El movimiento fiscal no es el único colectivo pequeño de la historia en poseer más poder que el debido a sus filas. En el año 2008, Barack Obama obtuvo resultados estupendos en los comités de formación, que atraen a muchos menos votantes que las primarias. Y fue Lenin quien ofreció la definición clásica de formación de vanguardia como "gente que convierte la actividad revolucionaria en su profesión" dentro de organizaciones que "no deben ser muy dilatadas por fuerza”.

Pero algo se está descomponiendo dentro de nuestros medios y nuestra política. Jill Lepore, un historiador de Harvard cuya nueva obra se titula "La campanada en sus medios: la revolución del movimiento fiscal y la batalla por la historia estadounidense", observaba durante una entrevista que hay un efecto de "sala de espejos" creado por el surgimiento de la opinión "de audiencia" en los medios. Ellos magnifican los movimientos pequeños hasta convertirlos en industria mientras el periodismo a la antigua usanza, que se supone ha de situar en perspectiva esos movimientos, reacciona a los mismos incentivos de la audiencia.

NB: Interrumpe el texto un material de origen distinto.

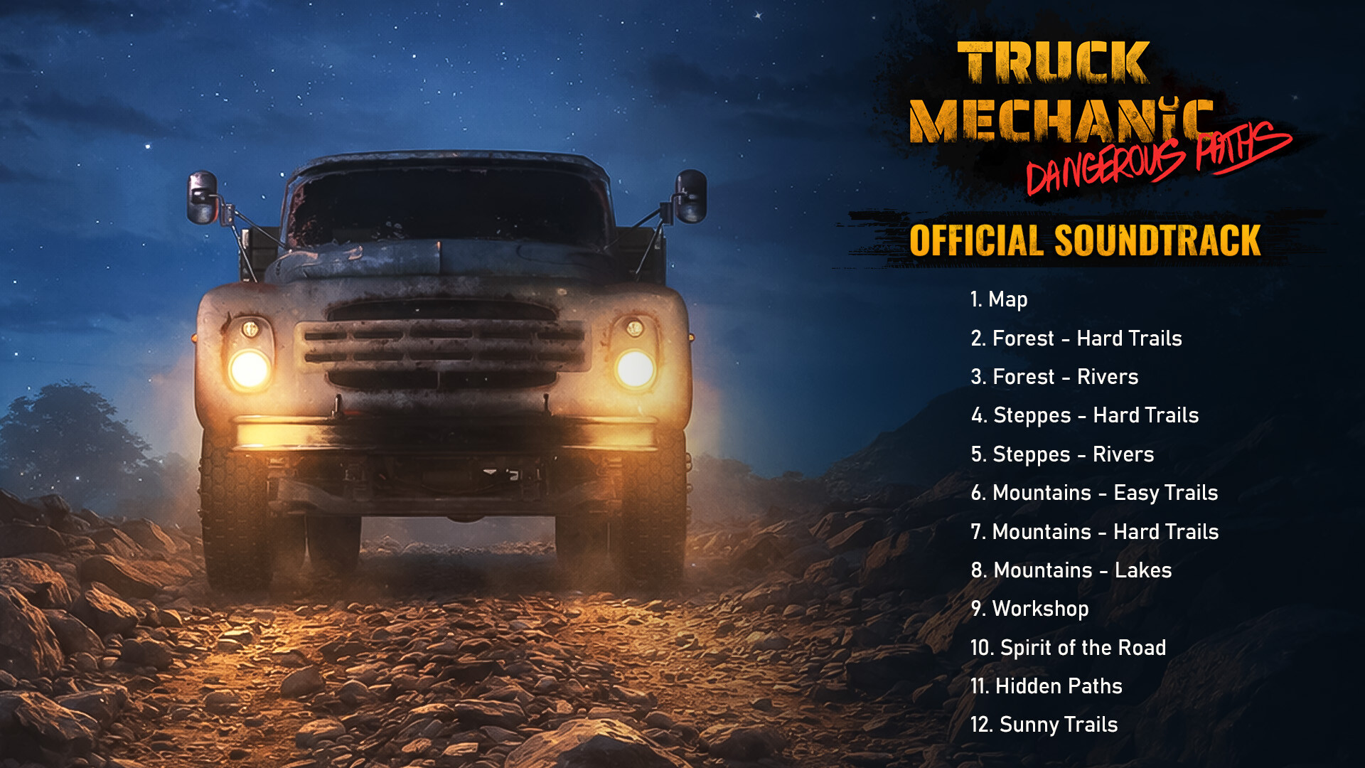 Either way, this soundtrack brings you all the atmosphere of the game — the long roads, rough trails, and moments of calm between the challenges — straight to your playlist. Listen to it wherever you want: on the road, in the garage, or while taking a well-deserved break.

También está el declive de las fuerzas alternativas en política. La institución Republicana, en su forma actual, depende mucho más del dinero que de los efectivos sobre el terreno desde hace tiempo. En busca de nuevos batallones, los líderes Republicanos incorporaron al movimiento fiscal, guardaron un silencio religioso frente a sus mentiras más escandalosas sobre Obama -- y ahora tienen que defender a candidatos como O'Donnell o Angle.

¿Y dónde están los progresistas? El mal humor no es ninguna alternativa a la organización, y la resignación a regañadientes es el primer paso hacia la capitulación. El movimiento fiscal puede estar viviendo sus mejores horas en el país y los medios. Pero si tiene más audacia que el resto, lamento decir que merece salirse con la suya.